On Fri, Jul 07, 2023 at 01:29:02PM +0200, David Hildenbrand wrote:
On 07.07.23 11:52, Ryan Roberts wrote:
On 07/07/2023 09:01, Huang, Ying wrote:
Although we can use smaller page order for FLEXIBLE_THP, it's hard to
avoid internal fragmentation completely. So, I think that finally we
will need to provide a mechanism for the users to opt out, e.g.,
something like "always madvise never" via
/sys/kernel/mm/transparent_hugepage/enabled. I'm not sure whether it's
a good idea to reuse the existing interface of THP.
I wouldn't want to tie this to the existing interface, simply because that
implies that we would want to follow the "always" and "madvise" advice too; That
means that on a thp=madvise system (which is certainly the case for android and
other client systems) we would have to disable large anon folios for VMAs that
haven't explicitly opted in. That breaks the intention that this should be an
invisible performance boost. I think it's important to set the policy for use of
It will never ever be a completely invisible performance boost, just like
ordinary THP.
Using the exact same existing toggle is the right thing to do. If someone
specify "never" or "madvise", then do exactly that.

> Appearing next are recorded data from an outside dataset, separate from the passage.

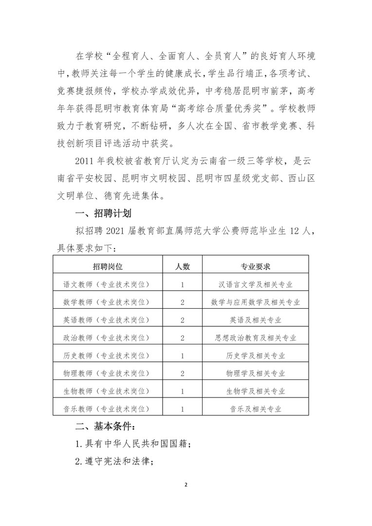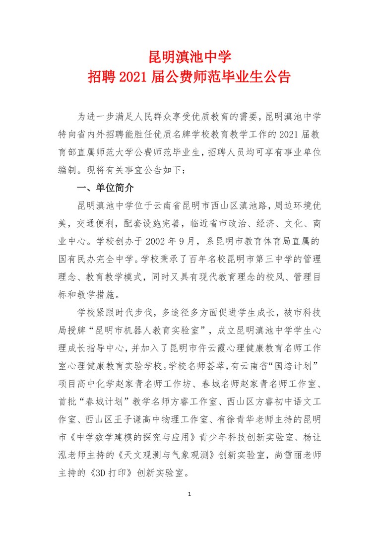 昆明滇池中學(xué)招聘2021屆公費(fèi)師范畢業(yè)生公告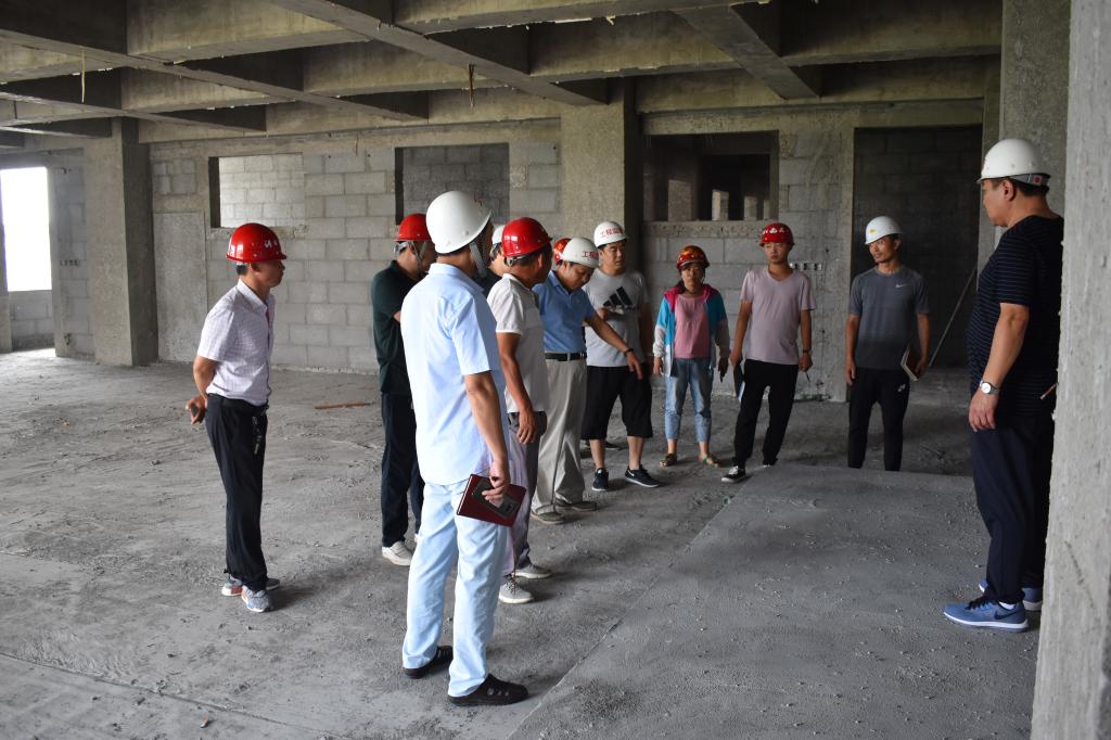 在3#实验楼和多功能厅施工现场,郭院长一行听取了施工方和监理方关于项目进展情况的汇报,实地检查工程施工质量、进度和安全,详细了解施工中存在的问题和困难,提出了指导意见和解决对策。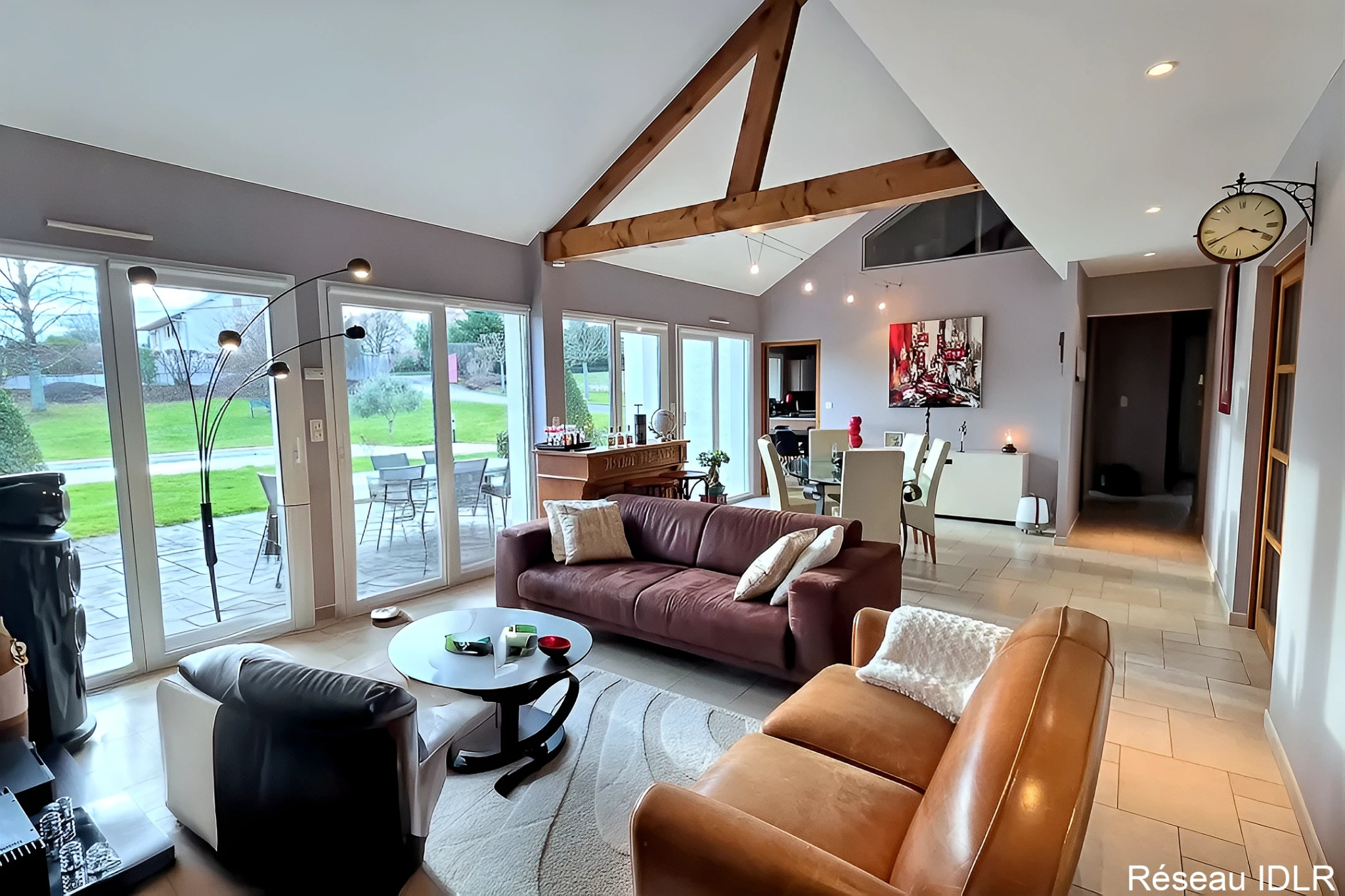 Les volumes généreux et la luminosité naturelle subliment le salon séjour cathédrale de 45 m2 avec mezzanine, véritable pièce maîtresse de la maison.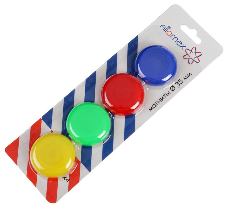 Магниты для досок Attomex 35 мм, 4 штуки, 4 цвета, в картонном блистере, микс./В упаковке шт: 3 информация:

It might make sense to have more modes or additional toggles, but
"madvise=never" means no memory waste.
I hate the existing mechanisms. They are an abdication of our
responsibility, and an attempt to blame the user (be it the sysadmin
or the programmer) of our code for using it wrongly. We should not
replicate this mistake.
Our code should be auto-tuning. I posted a long, detailed outline here:
https://lore.kernel.org/linux-mm/Y%2FU8bQd15aUO97vS@xxxxxxxxxxxxxxxxxxxx/
I remember I raised it already in the past, but you *absolutely* have to
respect the MADV_NOHUGEPAGE flag. There is user space out there (for
example, userfaultfd) that doesn't want the kernel to populate any
additional page tables. So if you have to respect that already, then also
respect MADV_HUGEPAGE, simple.
Possibly having uffd enabled on a VMA should disable using large folios,
I can get behind that. But the notion that userspace knows what it's
doing ... hahaha. Just ignore the madvise flags. Userspace doesn't
know what it's doing.